For those coming in late, Cherry has a working relationship with the Sunny Soleil Society to help upgrade their gardens. While Cherry seems to be putting in more than the usual effort to do well and stay on good terms with Violet Cheshire, I’m afraid that her efforts seem to be in vain. The bee episode still looms over the situation. This week Violet introduced Cherry to Caroline, another board member, while Cherry was busy on a pond garden exhibit. For some reason, Cherry was embarrassed by the presence of tiny toads scampering out of the pond and around the two Society ladies. But worse was to come.

Turns out that Caroline’s husband has a new pest control business (which seems a bit below the social standards of the Society) and the Board has decided to award the contract to the fledgling company to eradicate the bees. Naturally, Cherry is very upset, for obvious reasons, but Violet takes pleasure in seeing Cherry in a powerless position to do much about it. Now, it does seem odd that a group that has invested time and money in gardens would be so ignorant of the value of bees, but that’s the story. I’m thinking that Violet’s decision to kill the bees is based on her erroneous identification of the bees as the invasive killer bees. If this is true, it needs to be clarified in the strip. But, we may have to wait a few weeks to learn more. Rivera normally only gives Cherry’s storyline one week at a time to Mark’s two. But after all, the comic strip is called Mark Trail, not The Trails.

Today’s strip reads like one of those old government-sponsored nature films they used to show in grade school. Well, I think we used to see such films, though maybe they were films on hygiene. Okay, so it was a long time ago!

Anyway, getting into the content, while I appreciate Rivera’s ongoing aim to help us learn the scale or height of these animals, I find the canine comparison of this particular breed perplexing, since how many people even know what a Shiba inu is, much less be familiar with its height!? I sure didn’t, so I looked it up. They sound like a real pain in the ass to raise, and are expensive to purchase. Probably expensive to maintain, as well. I think a spaniel or a retriever would have made the size comparison more familiar to readers. Or maybe a roadrunner?

So, exactly what can we do to help keep wild animals and ourselves safe from each other’s less-than-noble desires to kill each other? I think focusing more on Mark’s closing comment would have made a better, more informative Sunday strip. So, who is really surprised if a minimum-wage animal control employee shoots somebody’s collie because he thought it was a wolf? We’d rather learn how to protect our pets from those people! It’s not our job to train them, anyway. And what do we do when we are installing a walkway in the backyard and a black bear or fox suddenly shows up? Do we heave pavers at them?

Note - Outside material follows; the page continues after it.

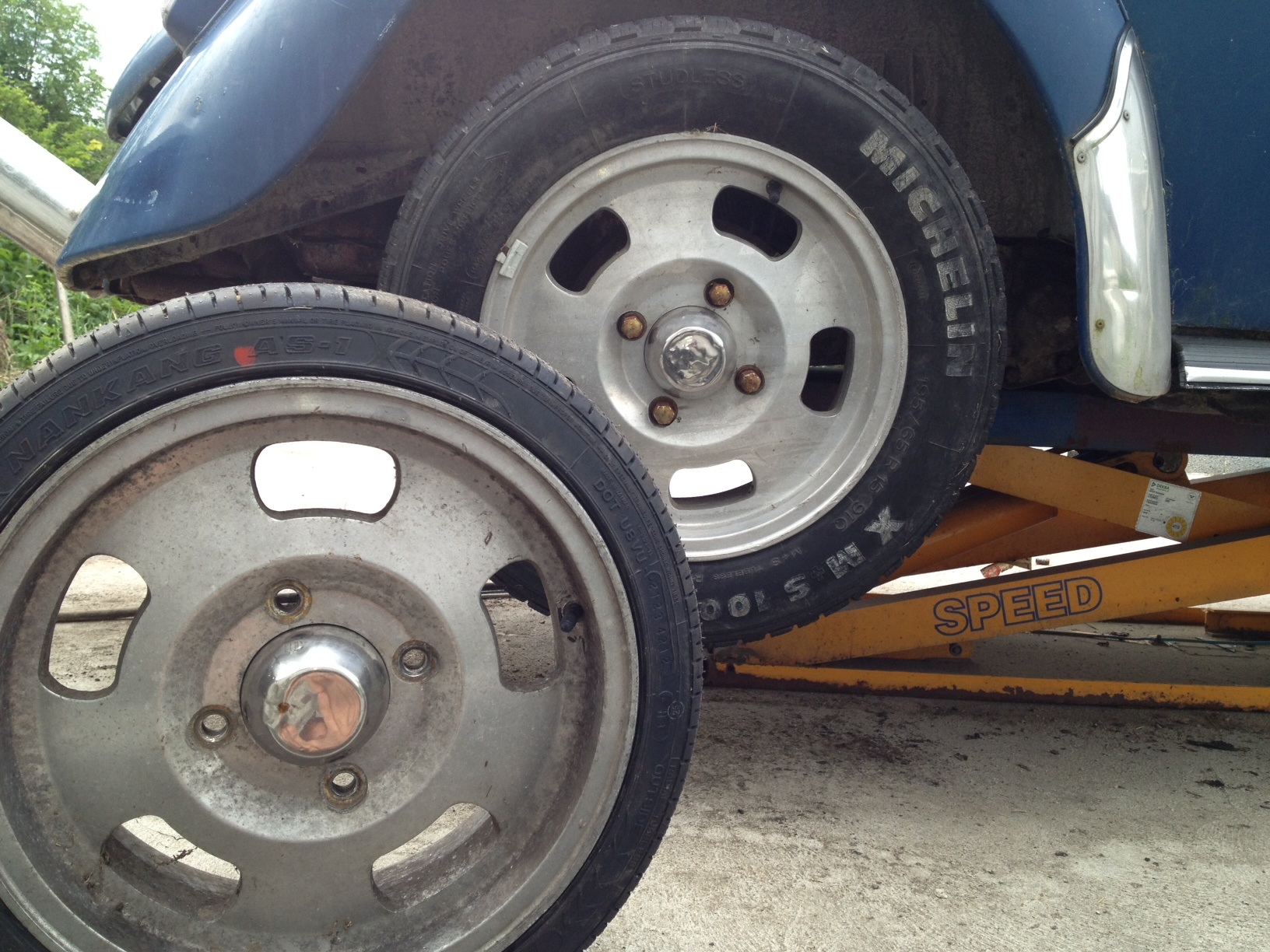 Som vanligt blev det inte som jag tänkt, hur som helst jag inväntar lite hjälp med att sticka av fälgarna ,under tiden så sänker jag bilen fram med drop spindlar mm ,jag fick till det helt ok med lite ride hight kvar typ 1,5 cm till framvagns balken ,det skrapar i om jag ställer mig fram i fronten på bilen men det blir ok,,sliter nog in sig.

The title panel—though interesting conceptually—fails me in the sense that the coyote and dog are not really posed as the letter A. We realize they are meant to be that, but only within the context of knowing the strip’s name. Then again, the canines don’t seem to fit any of the other letters, either. It must have been a tough problem. Still, Rivera gets good marks, overall, for her concept of thematic Sunday titles.